### Information shown
■ ■ ■ ■ ■ ■ ■

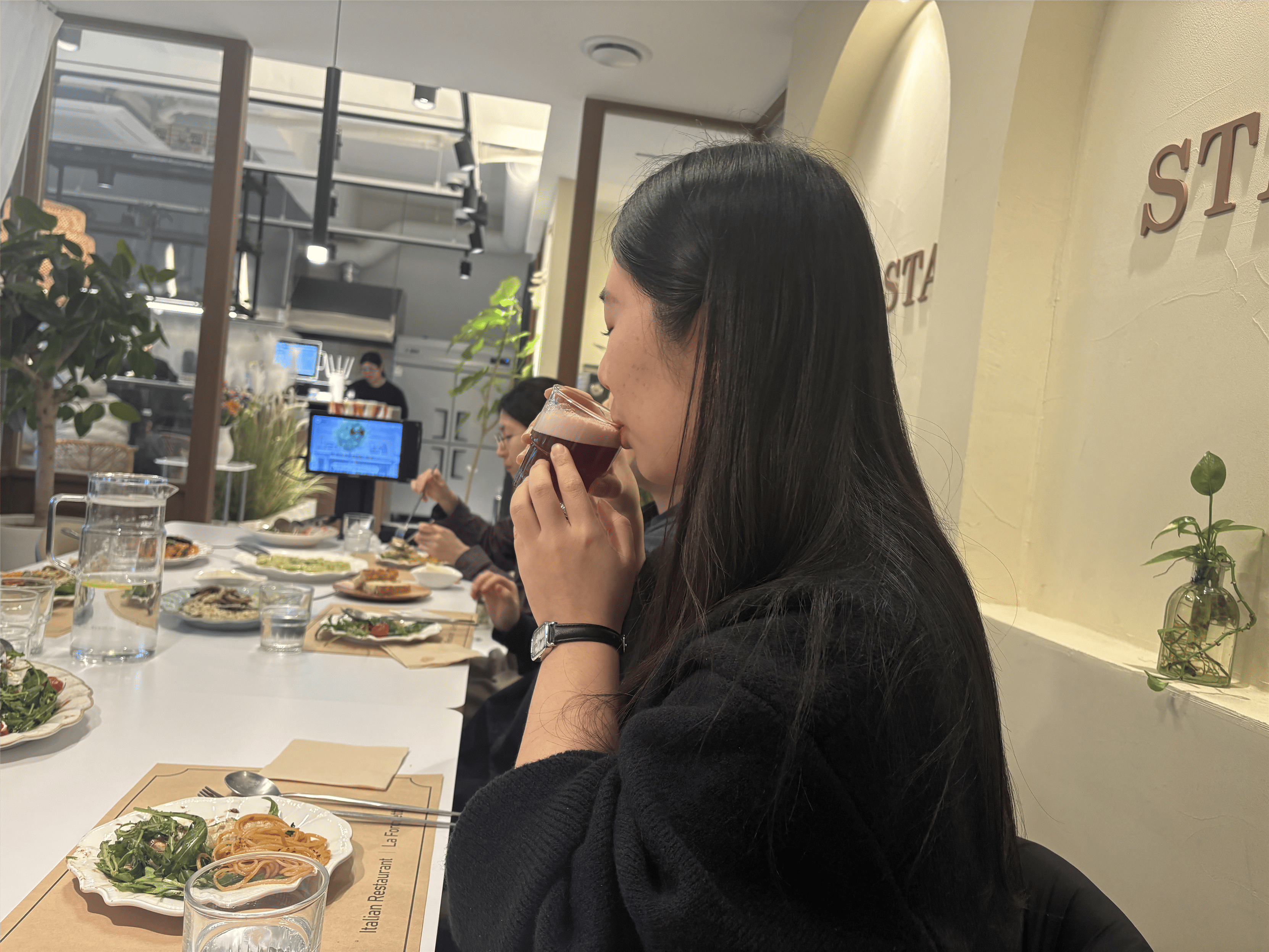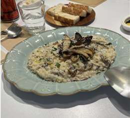 식당에 도착해 파스타, 리조또, 샐러드, 스테이크, 와인, 맥주, 콜라 등을 주문했습니다.
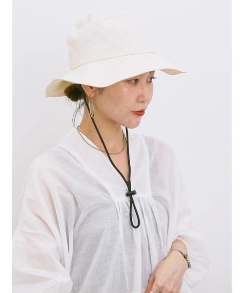 切替をほどこした立体的なクラウンで着用しやすいハット。飛ばされるのを防止してくれるストラップ付き。裏地にはメッシュ地を施し、通気性が良く着用しやすいです。UVカットと撥水加工の機能性素材を使用しており、日差しの強くなる季節の外出時やアウトドアなどの様々なシーンに活躍してくれます。※商品画像は、撮影環境やお客様のご利用のPC・スマートフォンのモニター環境などにより実物と色味に差異がある場合がございます。【その他採寸】F 全長:[つば]8.5cm 幅:[頭囲]55.5cm
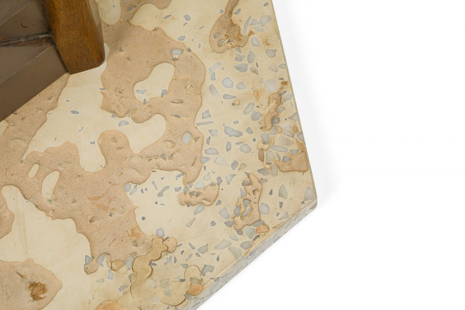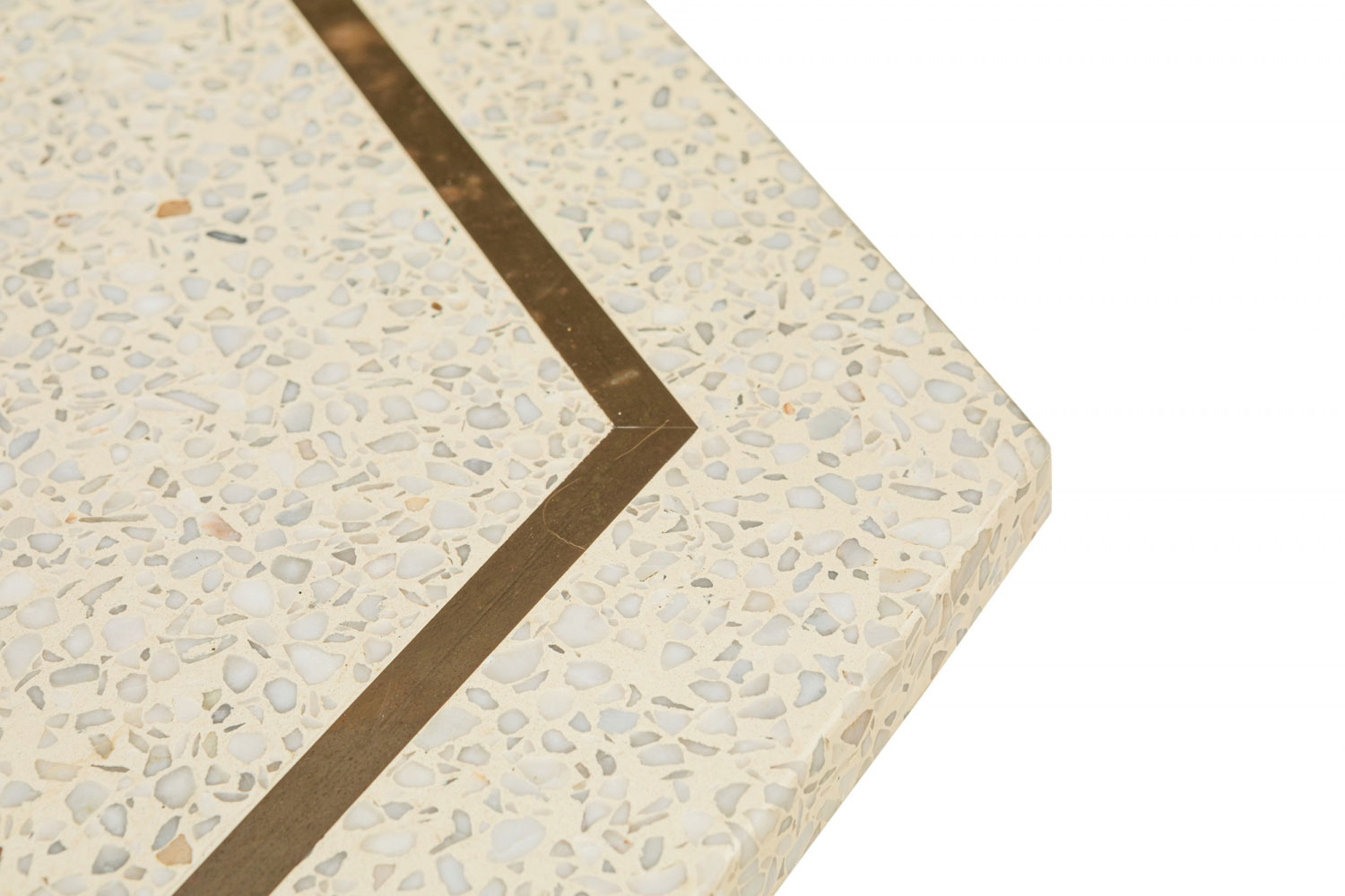 2 Harvey Probber Mid-Century White Terrazzo and Bronze Inlay Hexagonal End / Side Tables

■ ■ ■ ■ ■ ■ ■

### Activity
The preceding listing is to be restated word for word, with every picture omitted.

### Output for this exercise
 식당에 도착해 파스타, 리조또, 샐러드, 스테이크, 와인, 맥주, 콜라 등을 주문했습니다.
 切替をほどこした立体的なクラウンで着用しやすいハット。飛ばされるのを防止してくれるストラップ付き。裏地にはメッシュ地を施し、通気性が良く着用しやすいです。UVカットと撥水加工の機能性素材を使用しており、日差しの強くなる季節の外出時やアウトドアなどの様々なシーンに活躍してくれます。※商品画像は、撮影環境やお客様のご利用のPC・スマートフォンのモニター環境などにより実物と色味に差異がある場合がございます。【その他採寸】F 全長:[つば]8.5cm 幅:[頭囲]55.5cm
 2 Harvey Probber Mid-Century White Terrazzo and Bronze Inlay Hexagonal End / Side Tables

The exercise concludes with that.